*Work to be completed*
From the first line of the entries down to the line with "男性は実印15mm・銀行印1", write out every line exactly; that last line counts, but pictures do not.

*Information given*
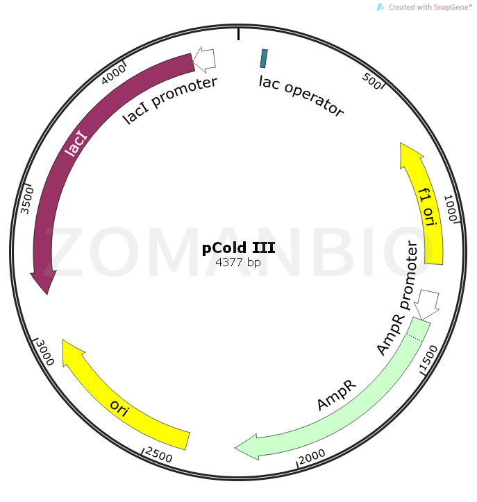 pCold III質(zhì)粒是利用冷休克基因CspA啟動子設(shè)計高效率蛋白質(zhì)表達載體。在啟動子下游處,插入了lac操縱子,以便嚴(yán)格控制表達。此外,5’非翻譯區(qū)(5’UTR),翻譯增強元件(TEE),His標(biāo)簽序列,Xa因子切割位點和多克隆位點(MCS)位于CAPS啟動子的下游。當(dāng)培養(yǎng)溫度切換到低溫時,大腸桿菌暫時停止生長,大部分的大腸桿菌蛋白質(zhì)表達減少,但是一類稱為冷休克蛋白的蛋白質(zhì)被特異性誘導(dǎo)表達。
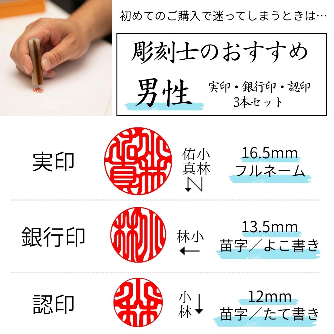 男性は実印15mm・銀行印13.5mm・認印12mm以上をおすすめしております。
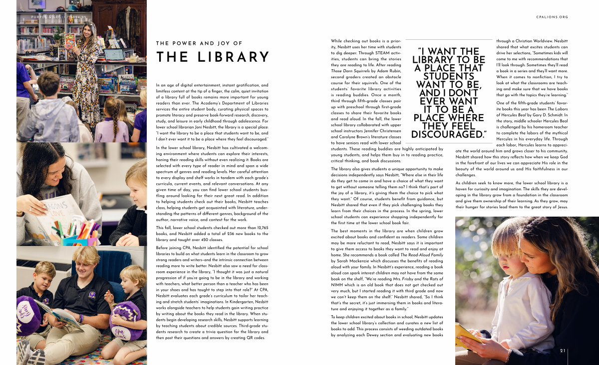 In an age of digital entertainment, instant gratification, and limitless content at the tip of a finger, the calm, quiet invitation of a library full of books remains more important for young readers than ever. The Academy’ s Department of Libraries services the entire student body, curating physical spaces to promote literacy and preserve book-forward research, discovery, study, and leisure in early childhood through adolescence. For lower school librarian Joni Nesbitt, the library is a special place:“ I want the library to be a place that students want to be, and I don’ t ever want it to be a place where they feel discouraged.”
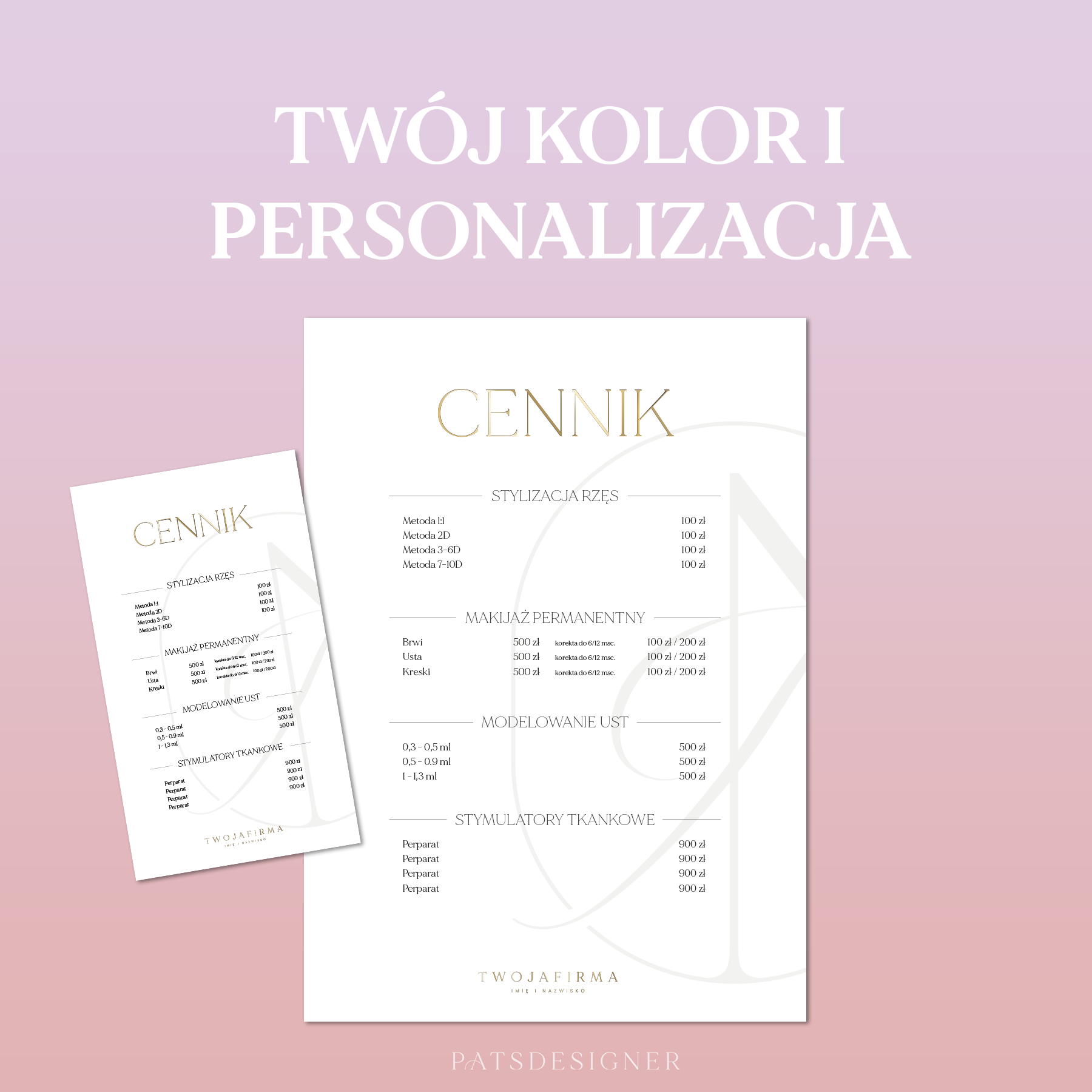 Logo w formacie wektorowym, listę usług lub inne wymagania wyślij na adres e-mail zamowienia@patsdesigner.pl.
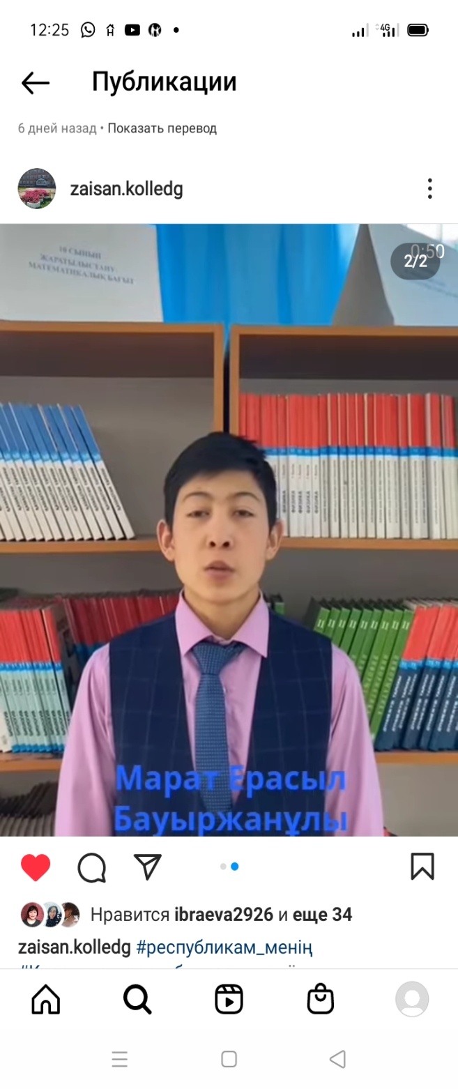 Қазақстан Республикасы Оқу-ағарту министрлігі және Республикалық ғылыми-педагогикалық кітапханасы «Оқуға құштар колледж» жобасы аясында 25-қазан Республика күніне орай ұйымдастырған «Республикам менің» атты челленджге ВФ-1 тобының студенттері Ғалымбекұлы Жарқын, Марат Ерасыл Бауыржанұлы қатысып, өз үлестерін қосты. Ғалымбекұлы Жарқын Мұқағали Мақатаевтың «Отан», Марат Ерасыл Бауыржанұлы жерлес ақынымыз Ұлықбек Есдәулеттің «Қазақстан» атты өлеңдерін мәнерлеп жатқа айтты.
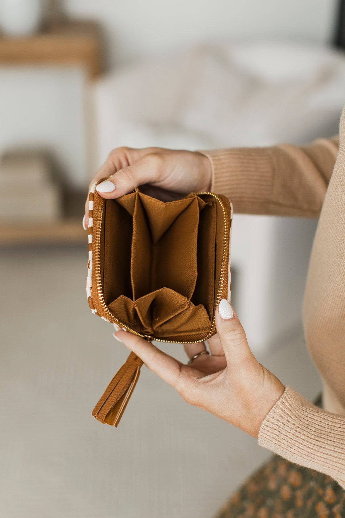 Always Fabulous Woven Card Wallet- Checkered Brown
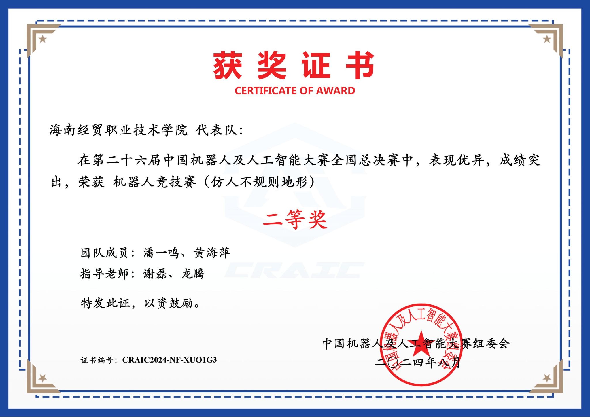 中国机器人及人工智能大赛是一项历史悠久、影响广泛的全国性学科竞赛,目前已为我国培养了大量“能动手、敢创新、善协作”的复合型人才。本届赛事设置“创新、应用、竞技、挑战”四大类别,涉及人形机器人、轮式机器人、多足异形机器人、智慧农业机器人、群体协作机器人等多种形态与应用领域,聚焦前沿技术与产业需求。在全国总决赛中,海经贸参赛选手与来自哈尔滨工业大学、浙江大学、华中科技大学、国防科技大学、北京航空航天大学、北京理工大学、同济大学等208所高校的407支队伍1300余名选手同台竞赛,围绕自动驾驶、机器人及人工智能等领域的前沿技术应用与实践展开激烈竞争,最终取得优异成绩。
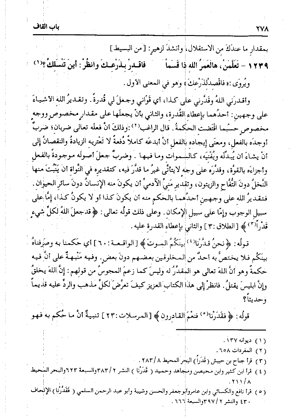 فتقدير الله على وجهين أحدهما بالحكم منه أن يكون كذا أو لا يكون كذا، إما على سبيل الوجوب وإما على سبيل الإمكان. وعلى ذلك قوله تعالى: {قد جعل الله لكل شيء قدرًا} [الطلاق: 3] والثاني بإعطاء القدرة عليه.
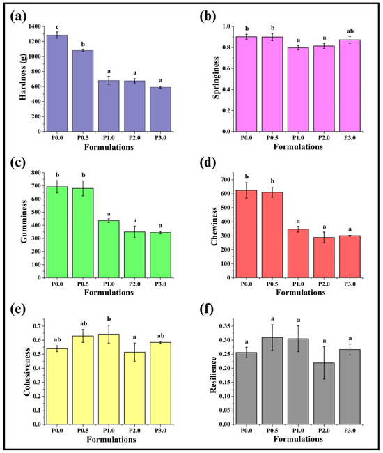 Bar graphs representing texture profile analysis (TPA) of whole wheat bread (WWB) formulations: (a) hardness, (b) springiness, (c) gumminess, (d) chewiness, (e) cohesiveness, and (f) resilience. WWB formulations containing chitosan lactate (CL) in different concentrations: P0.0 (control, absence of CL), P0.5, P1.0, P2.0, and P3.0 (0.5%, 1.0%, 2.0%, and 3.0% of CL). The values denoted in the graphs are the average ± SD of triplicate samples. Bars with different letters differ significantly (p < 0.05).

*Written response*
 pCold III質(zhì)粒是利用冷休克基因CspA啟動子設(shè)計高效率蛋白質(zhì)表達載體。在啟動子下游處,插入了lac操縱子,以便嚴(yán)格控制表達。此外,5’非翻譯區(qū)(5’UTR),翻譯增強元件(TEE),His標(biāo)簽序列,Xa因子切割位點和多克隆位點(MCS)位于CAPS啟動子的下游。當(dāng)培養(yǎng)溫度切換到低溫時,大腸桿菌暫時停止生長,大部分的大腸桿菌蛋白質(zhì)表達減少,但是一類稱為冷休克蛋白的蛋白質(zhì)被特異性誘導(dǎo)表達。
 男性は実印15mm・銀行印13.5mm・認印12mm以上をおすすめしております。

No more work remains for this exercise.